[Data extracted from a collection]
※ ※ ※

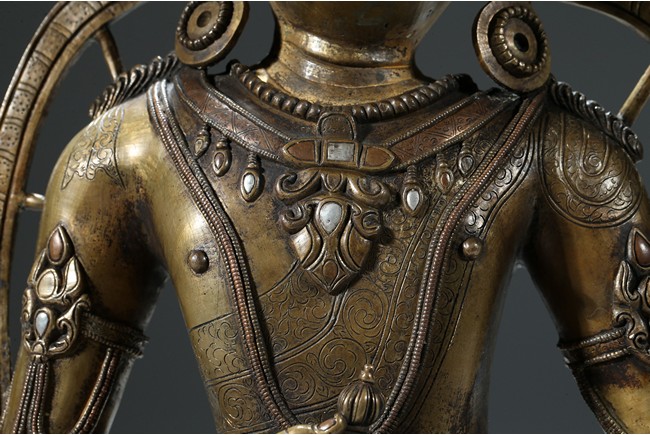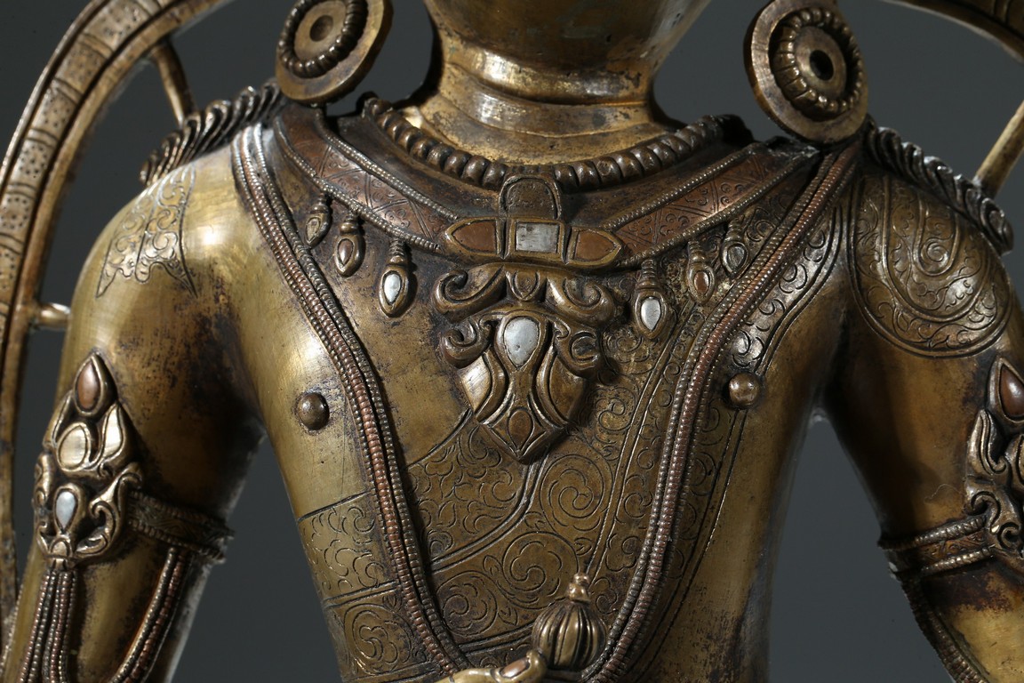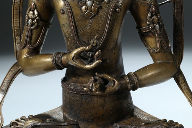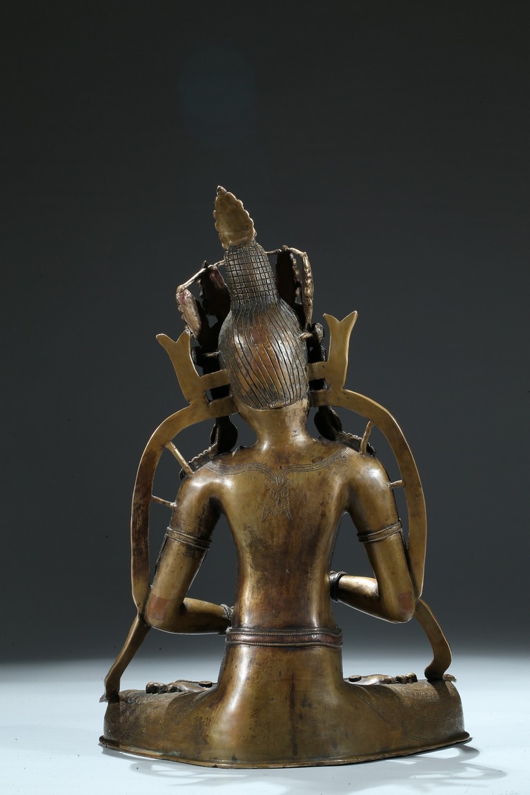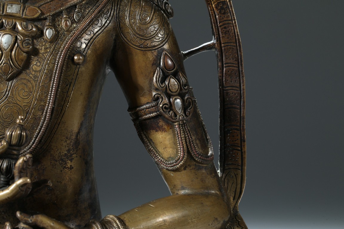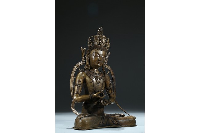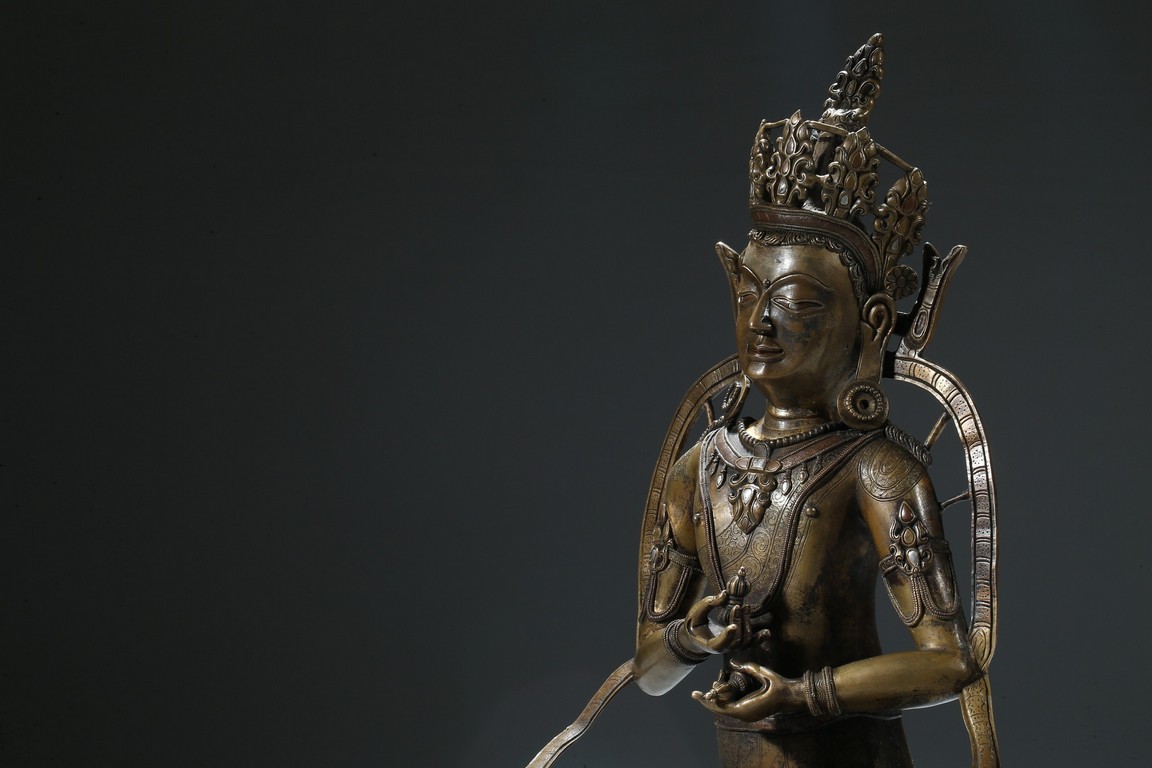 金剛薩埵源自印度,大乘佛教中,金剛薩埵意為“金剛心”或“雷電心”,是密宗佛教儀軌中最重要的法器和象徵——金剛杵的化現,代表著權力與堅不可催的開悟之心。金剛薩埵是本初佛金剛總持的內在形式,然而常以佩戴頭冠並且裝飾華麗的菩薩形象出現在藝術作品中。在尼泊爾地區,金剛薩埵還擁有獨立的神龕。本尊金剛薩埵上身微微左傾,而胯部向右施力,不失平衡而又極盡優雅之姿態。此尊金剛薩埵頭頂髮髻格外高聳,五葉寶冠葉冠間以小銅柱連接,天衣飄帶也以小銅柱與主尊相連,彷彿迎風擺動,增加了整尊造像的動勢。其中間髮冠鑲嵌銀,與合金的光芒相互輝映。長耳垂掛耳飾,穗尾垂落雙肩搖晃,耳邊彷彿傳來清脆的碰撞聲。其眼簾微垂,目光柔和而堅定,雙眉細長直入高鼻,嘴角微升,面容沉靜安詳。其右手持金剛杵於胸前,左手握金剛鈴於腰間,比例協調,動勢婀娜,整體典雅高貴。來源:波士頓藏家多年收藏 家族於1960年代購於法國 Provenance: Private collection, Boston, acquired in France in 1960s.
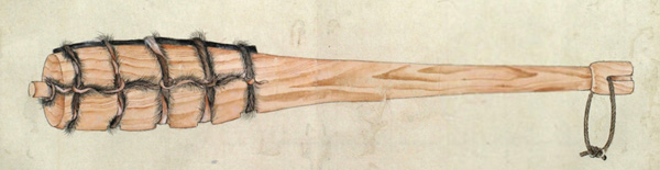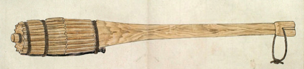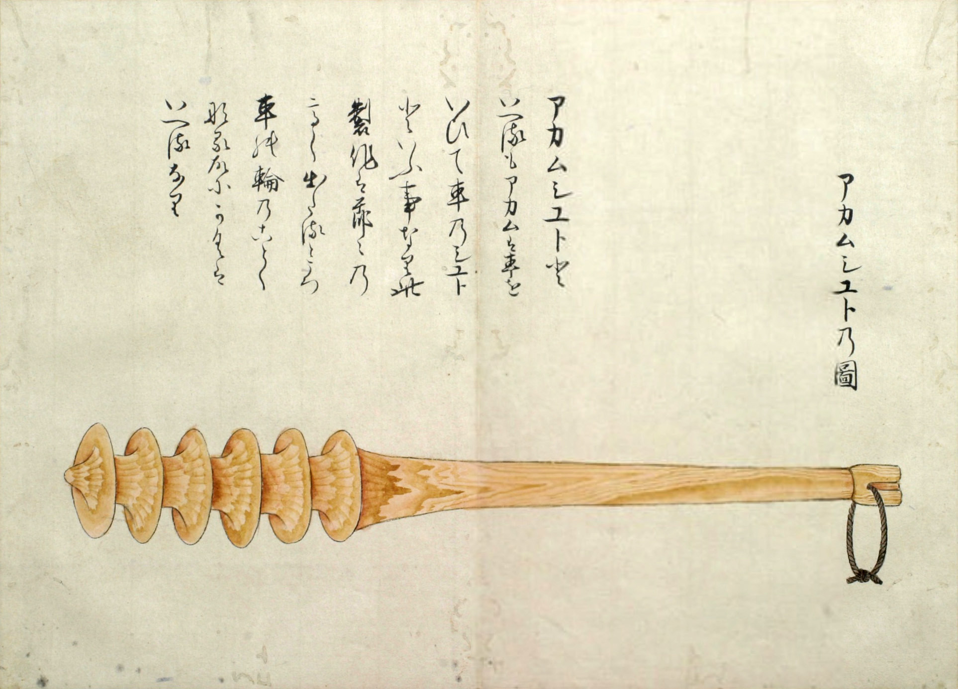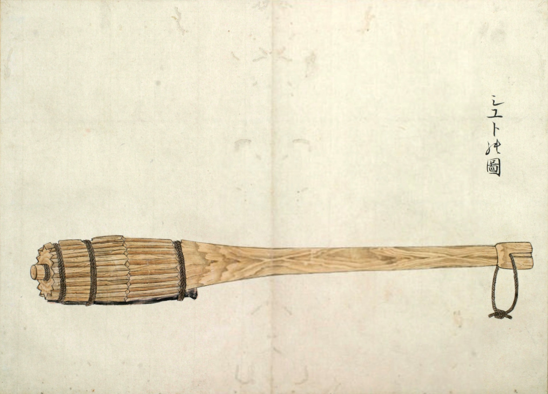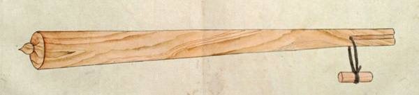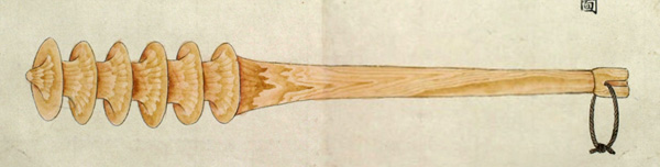 ウカルといふは、長さ三尺程なる圖のごとくのシツ゚ 和名ツチなり といふ物、樫の木にて作り、先の太さ丸差渡し三寸位、太き所の長(さ)八寸程にて、筋は珠盤(そろばん)の玉の角のことくになし、重みに銕鉛をいれ、横の二筋は一段ひくく、鐵の輪をいれたるなり。
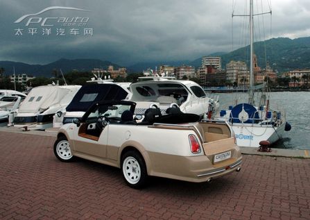 這款個性化的車輛外觀參照Mini Cabrio而造,同時又有一些新的科技以及改進。整車呈現出流線型,車體分隔出一個固定的空間用來上車,車門被一根防盜桿所代替。和某些豪華的游艇一樣,車子的后部加長了70厘米,提供一個便利的額外的使用空間。這樣的設計非常方便你去海邊旅游,你可以把在水中用的呼吸器放在車后,又或者是高爾夫的球桿,甚至,還可以在這個地方帶上一群一起出去玩的伙伴。
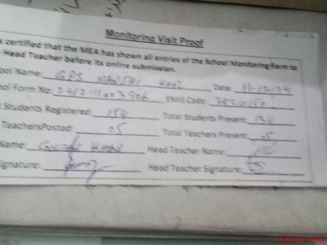 | Monitoring Date: 11-12-2024 | Start Time: 11-12-2024 10:03 AM | End Time: 11-12-2024 10:37 AM | Name of MEA: Gu**** Hu**** Kh**** | |
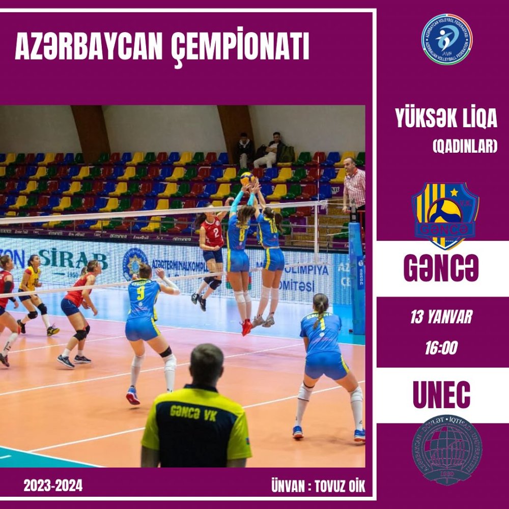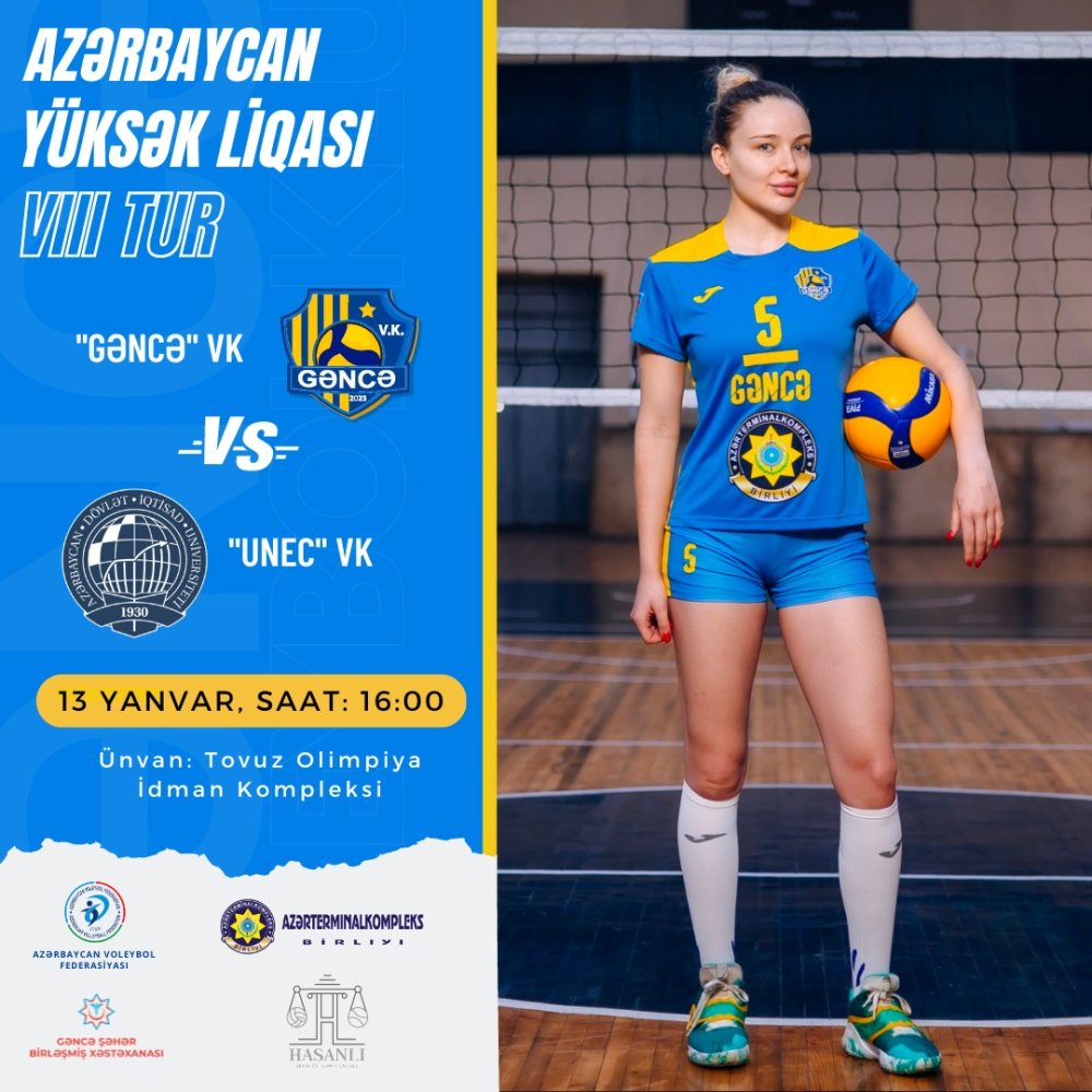 Prosport.Az xəbər verir ki, sabah qadın voleybolçuların Yüksək Liqasında II dövrə çərçivəsində VIII turun “Gəncə” – UNEC qarşılaşması baş tutacaq.

※ ※ ※

EXERCISE INSTRUCTIONS
Print all records verbatim, excluding pictures.

EXERCISE OUTPUT
 金剛薩埵源自印度,大乘佛教中,金剛薩埵意為“金剛心”或“雷電心”,是密宗佛教儀軌中最重要的法器和象徵——金剛杵的化現,代表著權力與堅不可催的開悟之心。金剛薩埵是本初佛金剛總持的內在形式,然而常以佩戴頭冠並且裝飾華麗的菩薩形象出現在藝術作品中。在尼泊爾地區,金剛薩埵還擁有獨立的神龕。本尊金剛薩埵上身微微左傾,而胯部向右施力,不失平衡而又極盡優雅之姿態。此尊金剛薩埵頭頂髮髻格外高聳,五葉寶冠葉冠間以小銅柱連接,天衣飄帶也以小銅柱與主尊相連,彷彿迎風擺動,增加了整尊造像的動勢。其中間髮冠鑲嵌銀,與合金的光芒相互輝映。長耳垂掛耳飾,穗尾垂落雙肩搖晃,耳邊彷彿傳來清脆的碰撞聲。其眼簾微垂,目光柔和而堅定,雙眉細長直入高鼻,嘴角微升,面容沉靜安詳。其右手持金剛杵於胸前,左手握金剛鈴於腰間,比例協調,動勢婀娜,整體典雅高貴。來源:波士頓藏家多年收藏 家族於1960年代購於法國 Provenance: Private collection, Boston, acquired in France in 1960s.
 ウカルといふは、長さ三尺程なる圖のごとくのシツ゚ 和名ツチなり といふ物、樫の木にて作り、先の太さ丸差渡し三寸位、太き所の長(さ)八寸程にて、筋は珠盤(そろばん)の玉の角のことくになし、重みに銕鉛をいれ、横の二筋は一段ひくく、鐵の輪をいれたるなり。
 這款個性化的車輛外觀參照Mini Cabrio而造,同時又有一些新的科技以及改進。整車呈現出流線型,車體分隔出一個固定的空間用來上車,車門被一根防盜桿所代替。和某些豪華的游艇一樣,車子的后部加長了70厘米,提供一個便利的額外的使用空間。這樣的設計非常方便你去海邊旅游,你可以把在水中用的呼吸器放在車后,又或者是高爾夫的球桿,甚至,還可以在這個地方帶上一群一起出去玩的伙伴。
 | Monitoring Date: 11-12-2024 | Start Time: 11-12-2024 10:03 AM | End Time: 11-12-2024 10:37 AM | Name of MEA: Gu**** Hu**** Kh**** | |
 Prosport.Az xəbər verir ki, sabah qadın voleybolçuların Yüksək Liqasında II dövrə çərçivəsində VIII turun “Gəncə” – UNEC qarşılaşması baş tutacaq.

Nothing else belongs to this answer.